STANFORD, CA - Although members of Congress from both major political parties have begun to call for the withdrawal of troops from Iraq, anti-war demonstrations, which were common at Stanford University in 2003, have yet to be seen on campus this year, according to the Stanford Daily.

Senior Tanya Haj-Hassan, president of the Coalition for Justice in the Middle East, attributed the lack of demonstrations to a change in student mentality. "Three years ago, before the war started, people were very active and outspoken to prevent the war," she told the newspaper. "Once it started, many people began to change.

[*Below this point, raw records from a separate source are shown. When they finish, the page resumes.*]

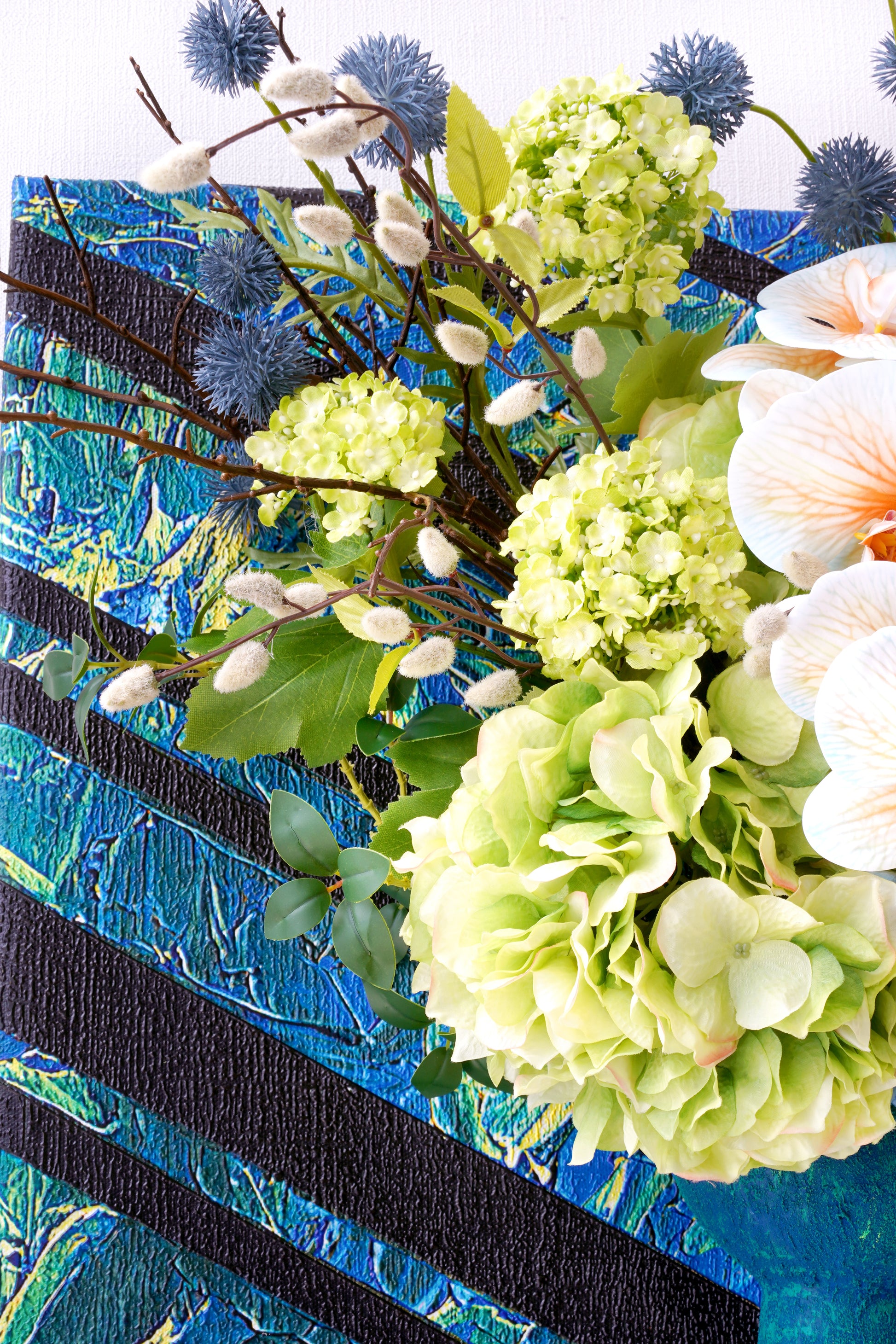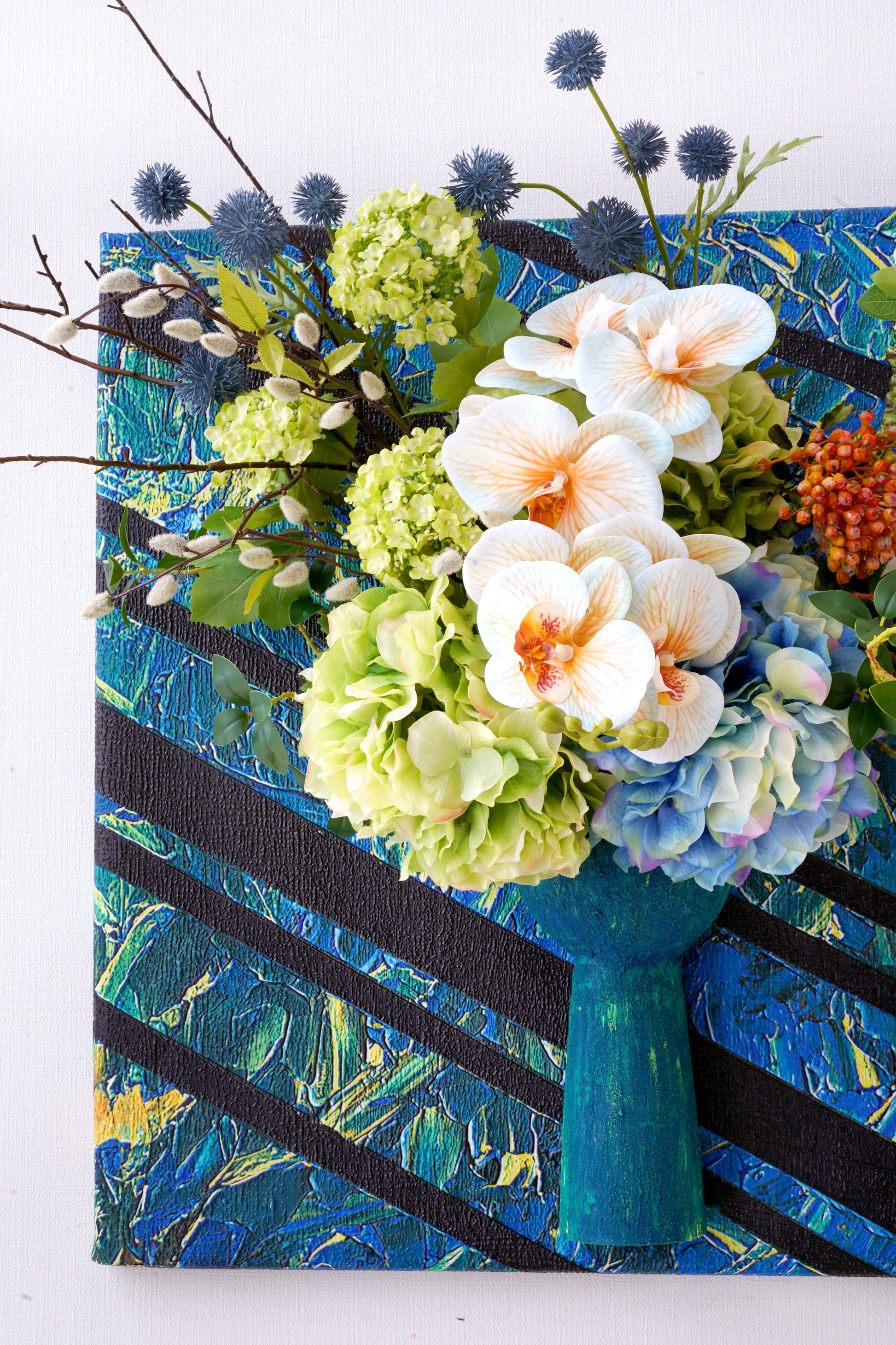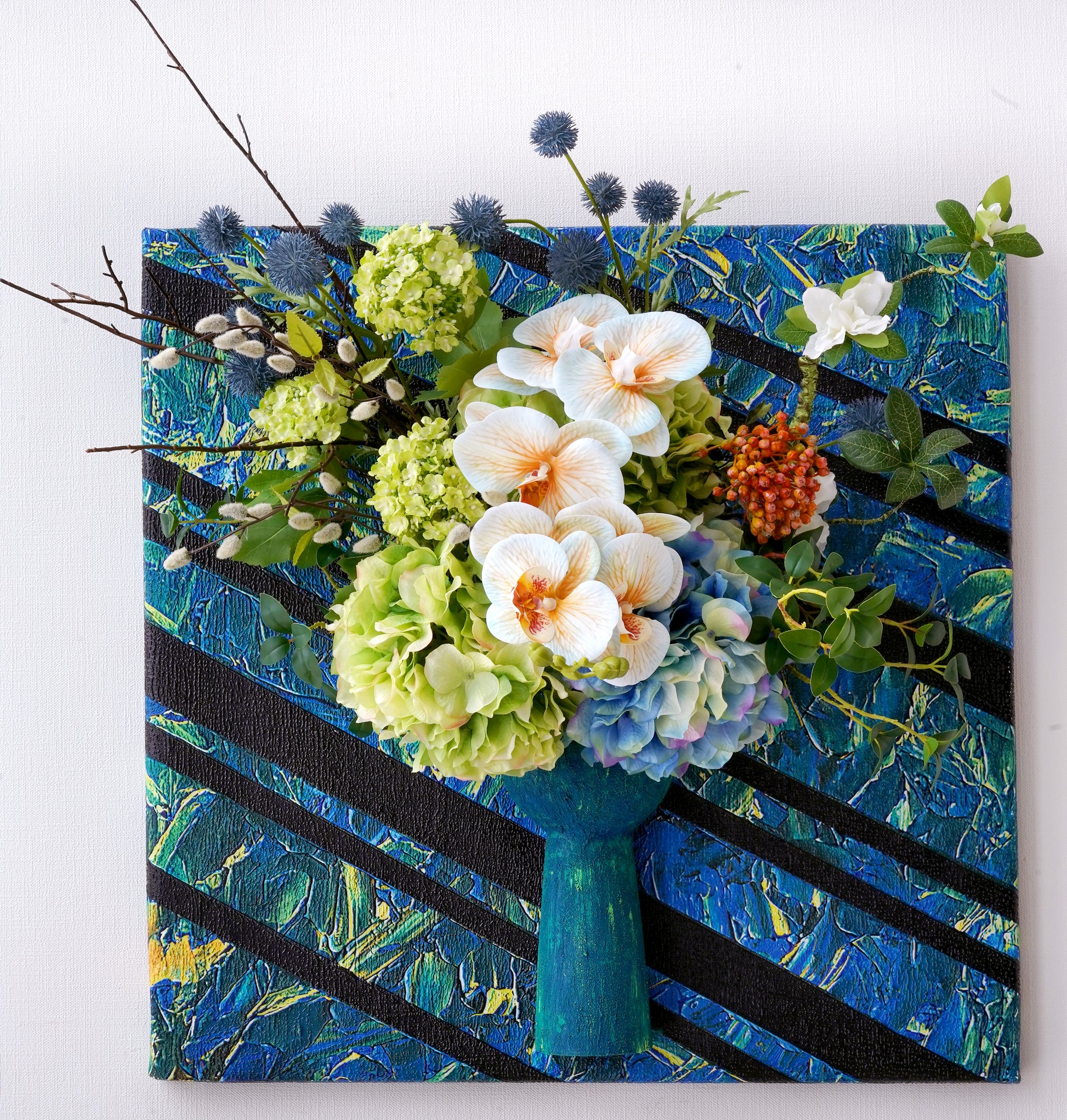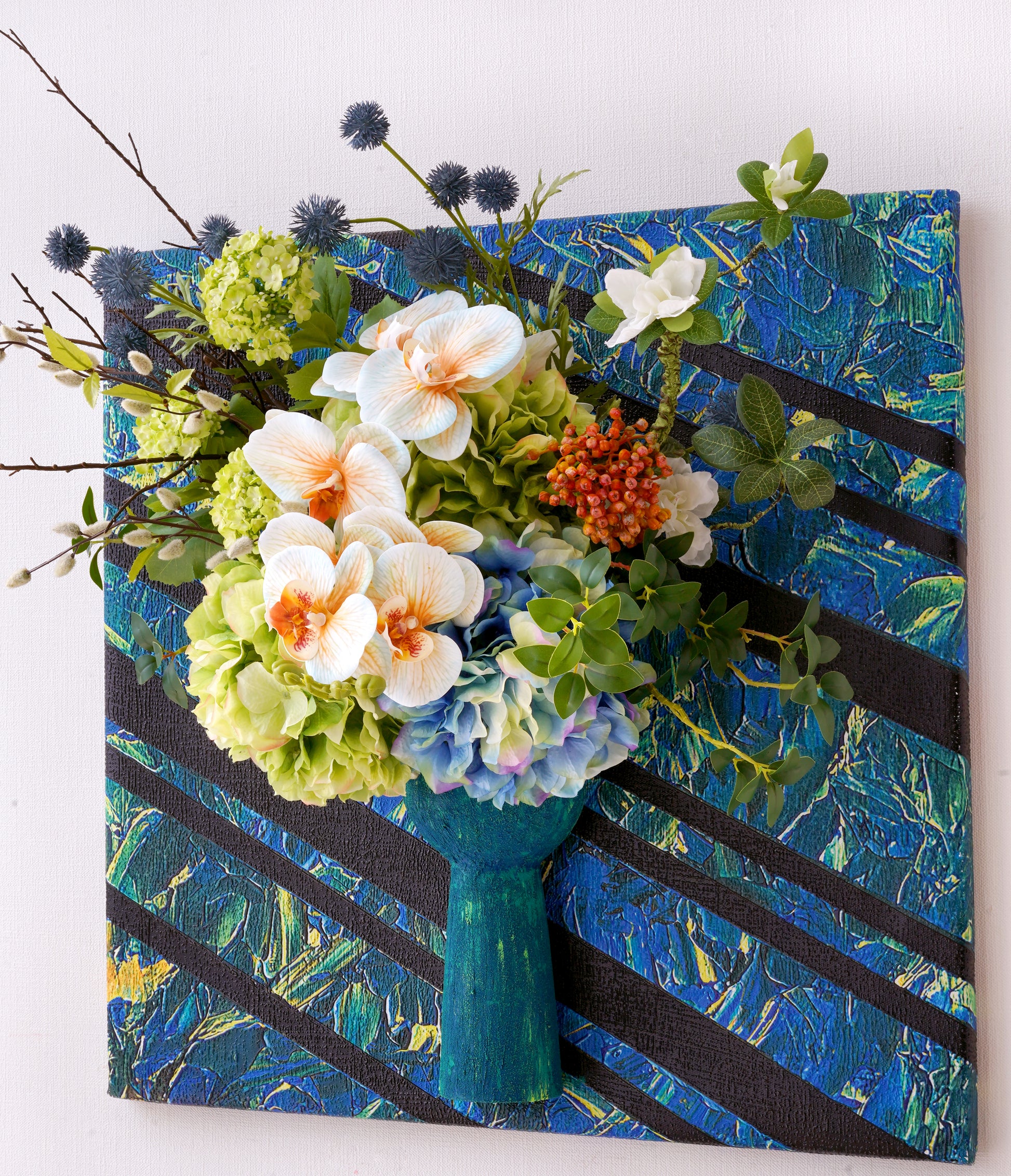 Our 3D wall art masterfully blends delicate Phalaenopsis orchids and lush Gardenia with textured Echinops and Pussy Willow. Set against a mesmerizing blue-to-green gradient with bold black stripes, this piece is a modern statement for a sophisticated space.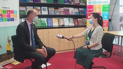 | Le représentant résident adjoint du Programme des Nations unies pour le développement (PNUD) au Vietnam, Patrick Haverman, au micro de la VNA. |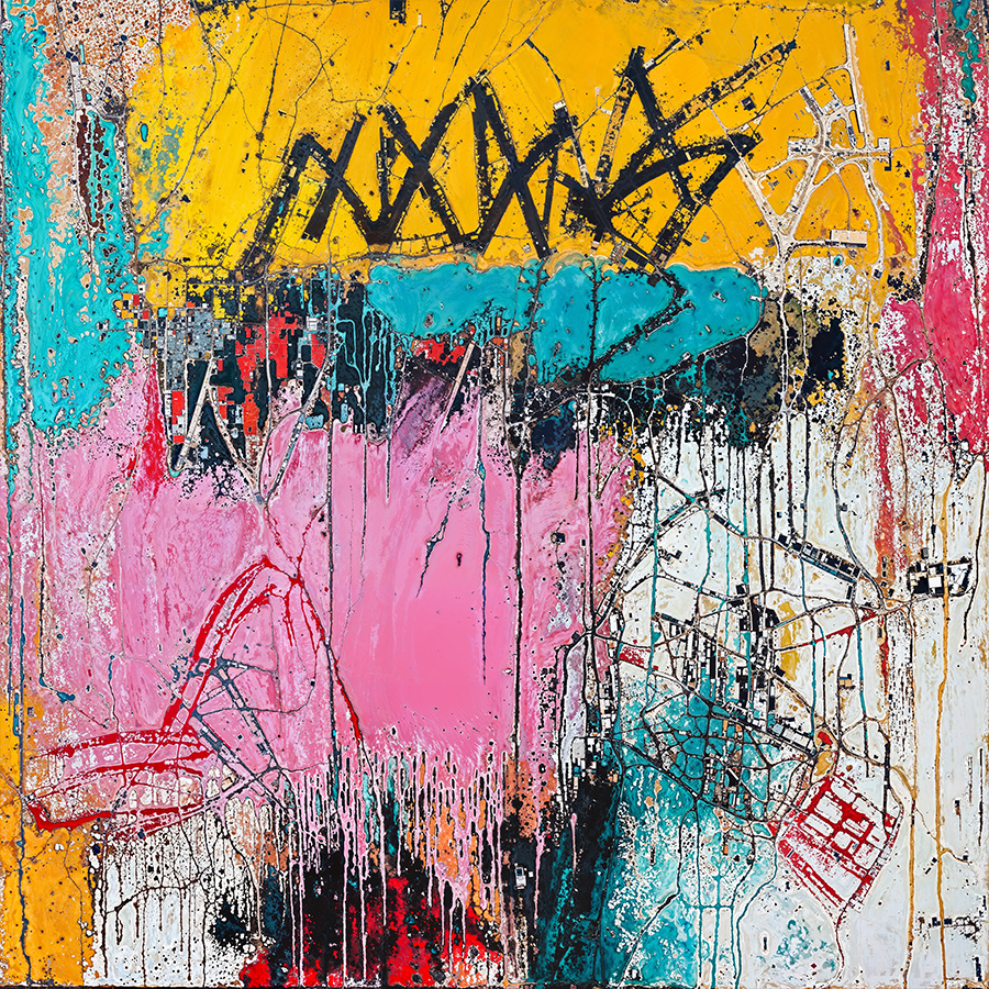 De loin, mes œuvres évoquent des murs urbains réalistes ; de près, elles révèlent des paysages vus du ciel. L’intelligence artificielle est au cœur de ce processus, amplifiant ma capacité à réinventer le réel et à fusionner l’art brut du street avec des compositions numériques sophistiquées.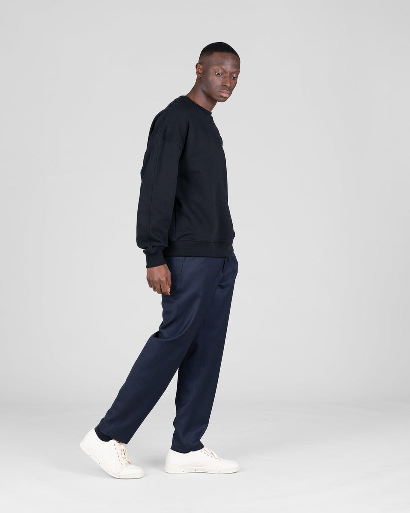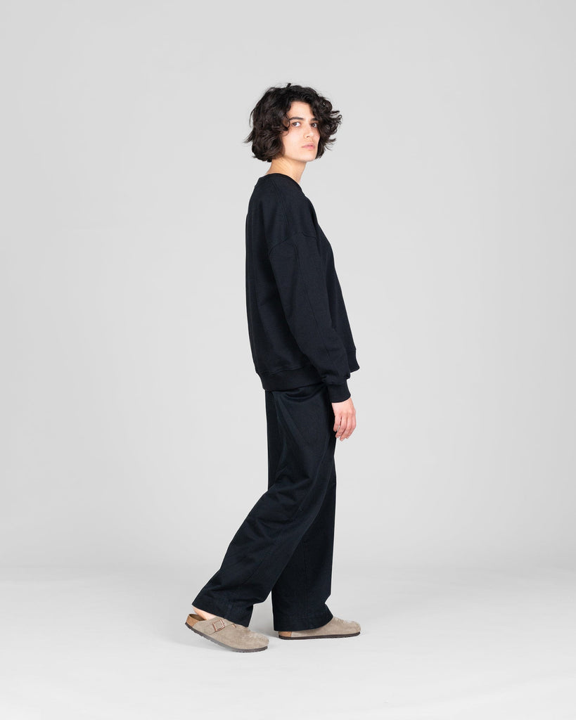 Sweat-shirt à col ras du cou oversize en maille french terry , chaud et léger, parfait pour l'été, avec un bord et un bas côtelés développés exclusivement pour Coltesse. Autres détails : logo Coltesse brodé sur la poitrine, couture d'épaule continue sur la manche.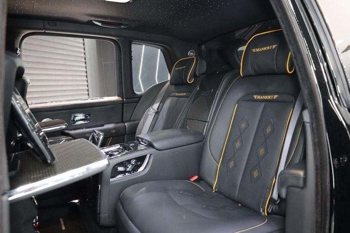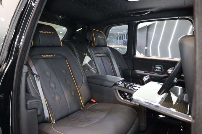 Rolls Royce Cullinan Black Badge Mansory Forged Carbon Body Kit, Forged Carbon Bonnet, Carbon Fiber Interior Trim, Bespoke Audio, Starlights, Ventilated/Massage Seats, Rear-Seat Entertainment Display, Rear-Seat Picnic Tables, Rear-Individual Seats, Fridge, Apple CarPlay, Blind Spot Assist, Night Vision, 360° Camera, 24 Inch Forged Mansory Wheels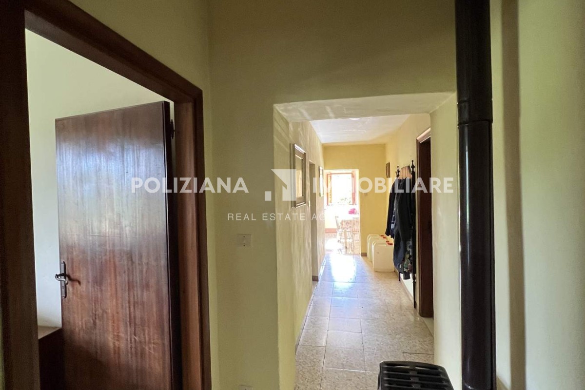 La casa principale, costruita in pietra e mattoni, conserva intatto il fascino rurale originario: soffitti con travi in legno e pianelle, pavimenti in cotto e ampie finestre con affacci panoramici sulla vallata.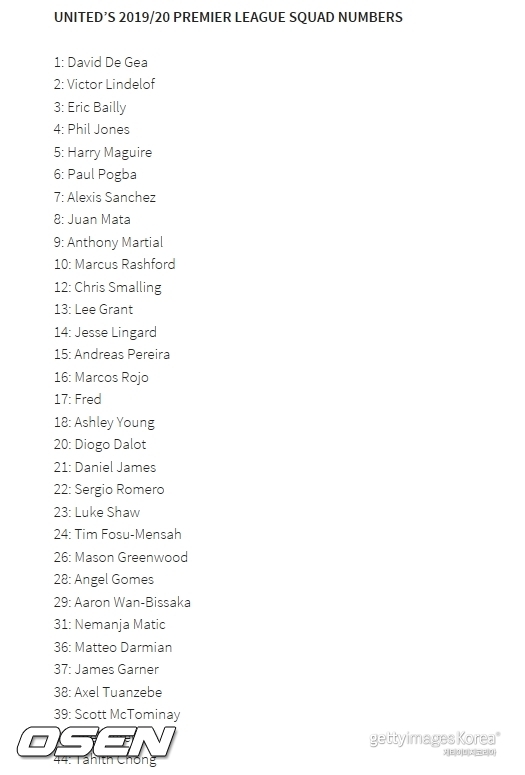 맨체스터 유나이티드는 10일(한국시간) 공식 홈페이지를 통해 2019-2020 시즌 등번호를 확정, 발표했다.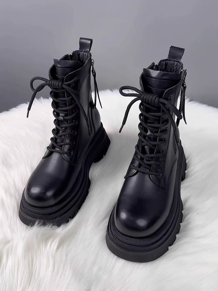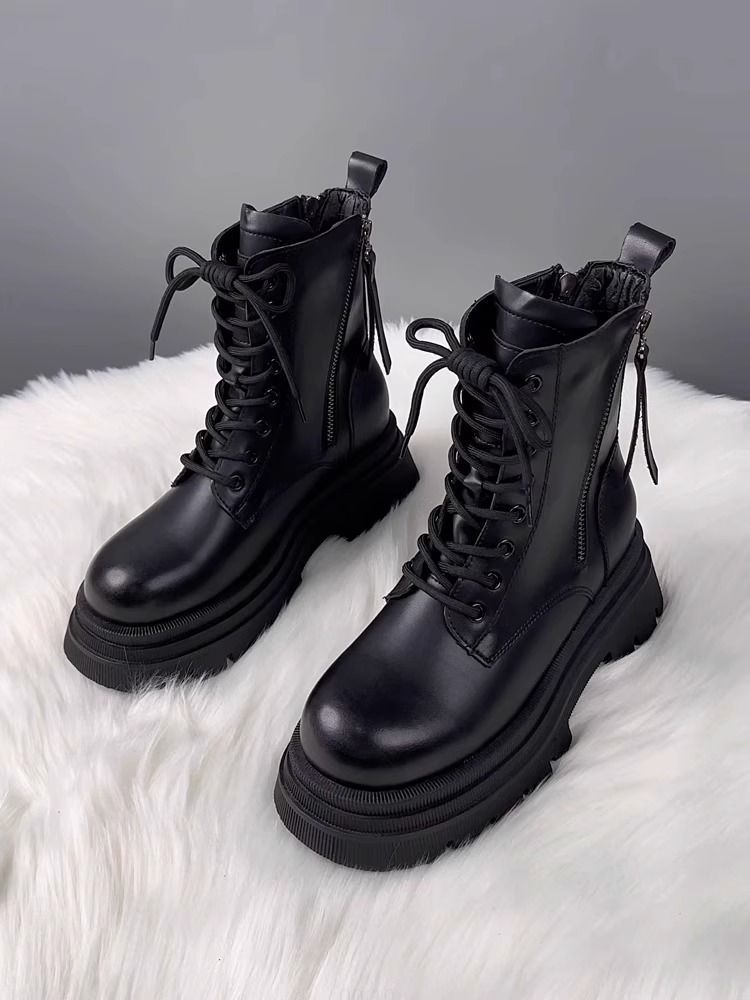 마틴 부츠 여성 영국 스타일 2025 봄과 가을 새로운 두꺼운 바닥 증가 더블 지퍼 사이버 인기 패션 짧은 부츠스토어 가기

Some people lost hope while others feared that taking an anti-war stance would be seen as an attack on, or lack of support for, the American troops fighting in Iraq.

"Many who had initially taken an anti-war stance and who are still against the war fear that withdrawing the troops at this point in time may increase the instability that the war created and only worsen the situation," she said.

At least 30 Stanford students were arrested during protests in March 2003. Less than 12 hours after President George W. Bush announced the first strikes against Iraq, Stanford students and faculty members joined a large, coordinated protest in San Francisco, blocking traffic at busy intersections by forming human chains.

Haj-Hassen argued that "people are still very interested in what is going on in the region," but are expressing their concern and discontent "through different means."

Junior Omar Shakir, president of the Muslim Student Awareness Network, agreed. "I think that student activism regarding Iraq has not really diminished but has assumed different forms over the last couple of years," he said. "I still think that Iraq is an issue of significant focus on campus, as seen by the huge turnout to events on this issue and the large e-mail lists of interested people and organizations that deal with the Middle East."

He drew a distinction between present student activity and past protests. "Our group usually does not organize rallies or protests because we have found that students on campus are generally not receptive to that kind of approach," he said. "Awareness and advocacy are critical and ultimately more effective at Stanford."